I ran the simulation headless for 3000 ticks as a smoke test. By tick 2500, the task counters were already incrementing: NOT=4, NAND=0, AND=0, ORN=0, OR=2, ANDN=0, NOR=1, XOR=0, EQU=0.

This is significantly faster than I expected. The ancestor has no INPUT or OUTPUT in its genome — for any task to be claimed, a mutation has to introduce those opcodes in an order that produces a matching output. Seven such mutation events happened in fewer than 3000 ticks across a population that grew from 1 to ~6000.

Two readings of this:

The 19-opcode encoding is dense enough that a sizable fraction of random mutations produce some INPUT/OUTPUT combination. With a larger opcode alphabet (Avida runs 26–30), random mutations would more often produce no-ops, and emergence would take longer.
The Lenski tasks reward any match, including the simple ones (NOT on a single input). The complex tasks (XOR, EQU) are much rarer — they didn’t appear in the smoke test at all. Those are the ones that would take an overnight run to see, and they’re the more interesting end of the result.

The dynamics I haven’t verified yet, but expect to see on a longer run: the moderate band gets colonized by mutated lineages that can do simple tasks; complex tasks (XOR, EQU) start ticking up only after several intermediate building blocks have evolved; the harsh band slowly fills with creatures that have stacked enough task-doing to survive there.

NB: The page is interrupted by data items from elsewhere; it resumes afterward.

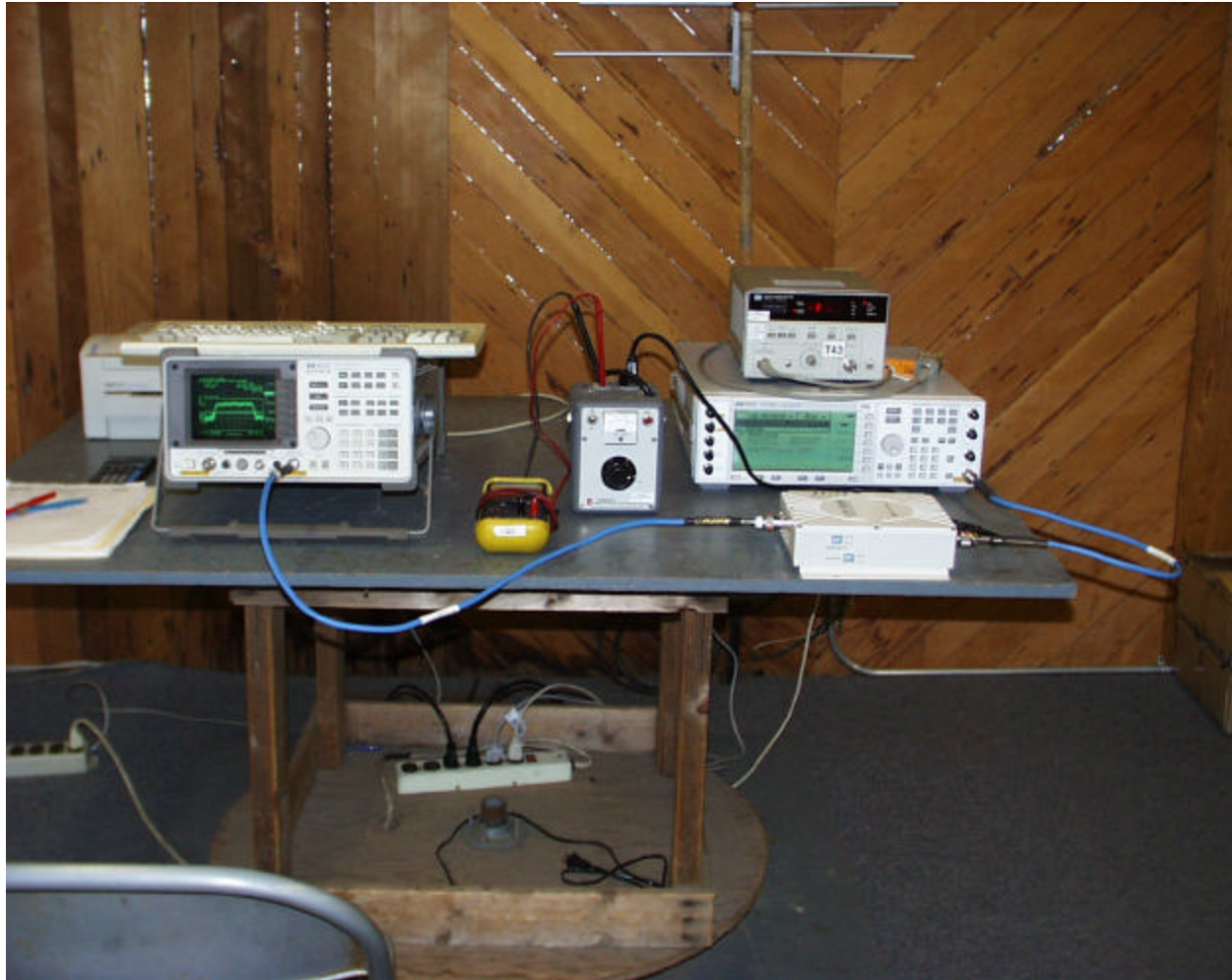
FREQUENCY VS. VOLTAGE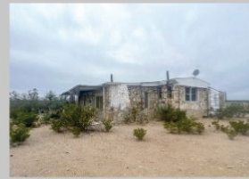
2500 Agua Frida Terlingua, Tx 2 Bed, 2 Bath $350,000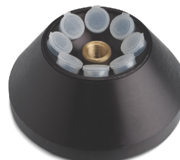
R-247 M (8 x 50 ml)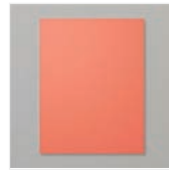
Calypso Coral 8- 1/2" X 11" Cardstock - 122925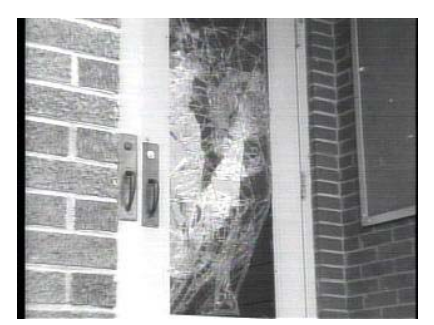
debris falling from the ceiling, and unsafe fire escapes.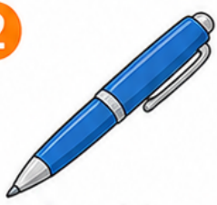
钢笔 (gāngbǐ) pen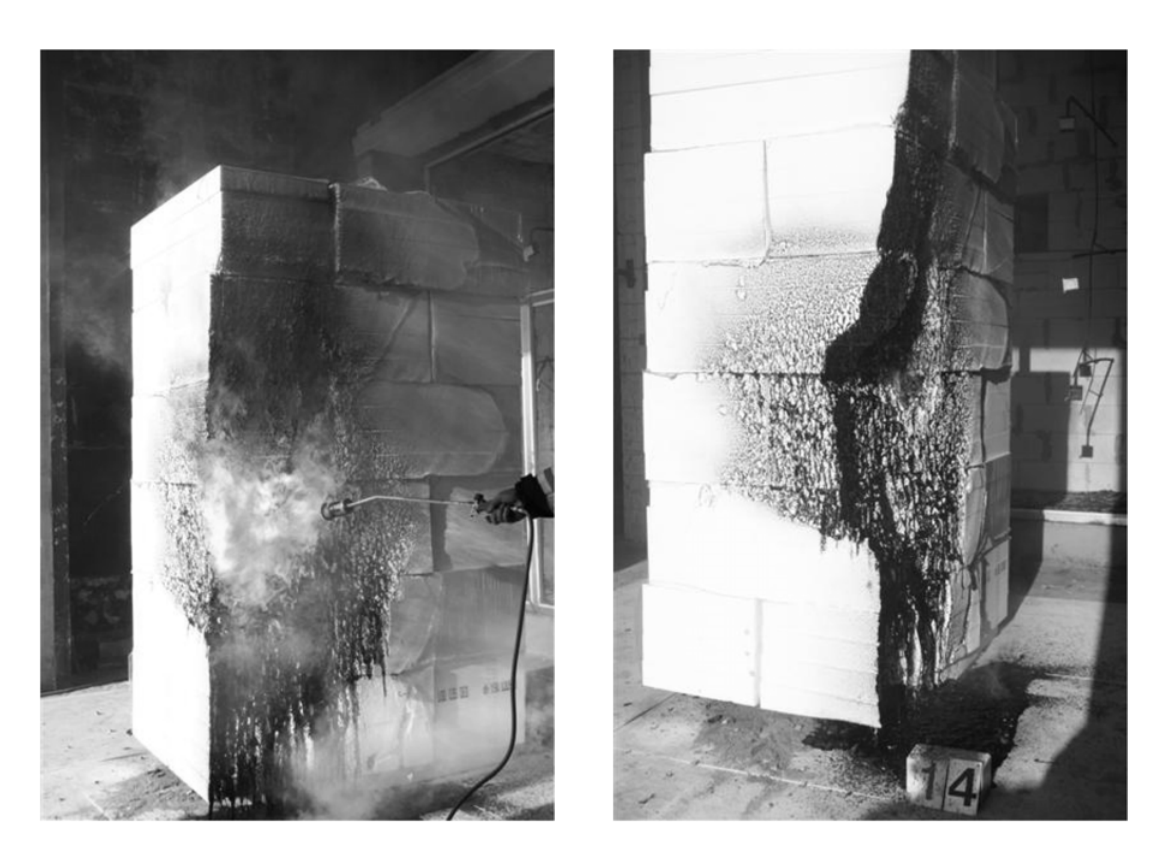
Figure 1. Flame retarded (class E) EPS during and after flame impingement with gas burner.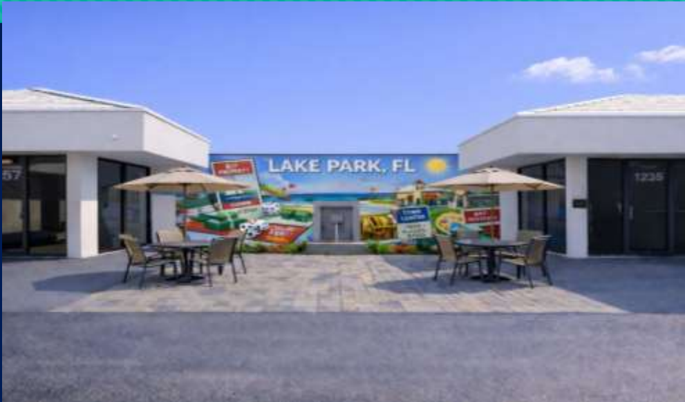
Plaza – Fountain and Mural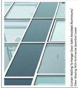
Curtain Walling To Hangar Door Satin Anodised Aluminium/ Clear Glazing With Inhibitive Sputtered Lower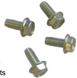
VT7500 Set 4 Bolts 5/16 & 3/4 Hex

The dynamics I’m unsure will appear: meaningful spatial heterogeneity beyond the biome bands. The current setup has no MOVE opcode — creatures spread only by reproduction — and no communication. I’d expect lineages to cluster by color but not to develop interesting cross-creature dynamics.

What this doesn’t do

Worth being explicit about the limits, since digital evolution work often gets oversold:

It does not produce “intelligence” in any meaningful sense. Creatures that evolve XOR have evolved a specific arithmetic pattern that the environment rewards. They have not evolved anything that generalizes outside the reward structure.
It does not produce open-ended novelty. The space of behaviors is fundamentally bounded by what 19 opcodes can express. Once the population has explored most of that space, dynamics flatten.
It does not test theories about real biological evolution. The abstraction throws away too much.

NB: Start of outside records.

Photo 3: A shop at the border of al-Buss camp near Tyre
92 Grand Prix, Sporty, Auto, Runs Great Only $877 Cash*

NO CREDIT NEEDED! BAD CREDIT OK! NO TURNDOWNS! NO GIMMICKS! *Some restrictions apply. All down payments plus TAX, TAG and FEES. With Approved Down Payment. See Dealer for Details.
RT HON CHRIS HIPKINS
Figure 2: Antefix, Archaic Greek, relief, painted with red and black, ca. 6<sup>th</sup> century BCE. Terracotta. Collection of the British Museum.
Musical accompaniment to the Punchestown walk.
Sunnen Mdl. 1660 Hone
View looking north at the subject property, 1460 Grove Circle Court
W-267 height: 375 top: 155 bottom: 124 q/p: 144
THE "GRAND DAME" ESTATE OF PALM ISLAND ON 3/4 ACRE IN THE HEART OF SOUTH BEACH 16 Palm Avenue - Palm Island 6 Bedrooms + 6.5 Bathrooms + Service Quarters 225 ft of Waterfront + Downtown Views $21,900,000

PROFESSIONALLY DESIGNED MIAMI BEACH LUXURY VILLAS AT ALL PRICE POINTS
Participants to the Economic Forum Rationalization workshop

What it does do, which is the part I care about: produce visibly emergent behavior with clear selection pressures, in a system simple enough that you can read all the code in an afternoon. That’s a useful kind of toy.

What I’d try next

A few extensions that would change the system’s character without requiring more compute:

Co-evolutionary opcodes. Add an ATTACK or PARASITIZE opcode that lets a creature steal energy from neighbors or execute instructions from a neighbor’s genome. This is the move that produced the most interesting dynamics in the original Tierra experiments — parasites, immunity, hyper-parasites.
Sexual recombination. Let two adjacent creatures crossover their genomes instead of clonal copy. Should accelerate complex task evolution noticeably.
A more elaborate task ladder. The current 9 tasks are too shallow — once a lineage has them all, there’s no further reward gradient. Adding compound tasks (functions of three or four inputs, sequential tasks that require state) would extend the system’s headroom.

The code is small, ~500 lines of pure Python with pygame for the view. I’ll get it on GitHub and link from this post once I push.

The build itself was about 90 minutes. The most useful thing I learned was the calibration on emergence speed: with a small enough opcode alphabet and an aggressive enough reward gradient, the Lenski result starts happening in seconds, not hours. If you ever want to demonstrate digital evolution to someone in real time, that calibration matters — you don’t need them to wait days.